Generalmente, en Marketing se asume que una organización de éxito es una organización orientada al consumidor. Dicho de otro modo, si la empresa quiere vender deberá hacerlo satisfaciendo las necesidades de sus clientes. Se da por supuesto que la relación con el consumidor es crucial para la supervivencia y prosperidad de la empresa. Sin embargo, no está tan claro qué se quiere decir con “satisfacer necesidades”, ya que ello puede hacerse con perspectivas diferentes. Dejando a un lado el escurridizo asunto de si se pueden o no crear necesidades, en lo que sigue pretendemos hacer reflexionar al lector sobre cuestiones como las siguientes: ¿qué tipo de necesidades debe satisfacer la empresa?, ¿de dónde se parte para decidir qué necesidades satisfacer?, ¿satisfacer las necesidades de quién?

En Marketing se aconseja partir de las necesidades de nuestros clientes para diseñar la mejor estrategia que las satisfaga.
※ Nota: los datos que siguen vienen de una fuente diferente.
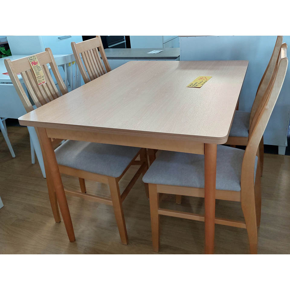 Koko näyttävä kokonaisuus, pöytä + 6 tuolia: 2 999,00 €.

Es habitual escuchar cosas como “analice a sus clientes, descubra sus necesidades y haga por satisfacerlas”. Pero si bien una orientación al cliente es una base lógica para planificar beneficios en una economía de soberanía del consumidor, existe el riesgo de llegar a una situación de  “tiranía” del mercado, donde la empresa se viera obligada a satisfacer cualquier capricho del cliente, poniendo incluso en peligro su propia supervivencia.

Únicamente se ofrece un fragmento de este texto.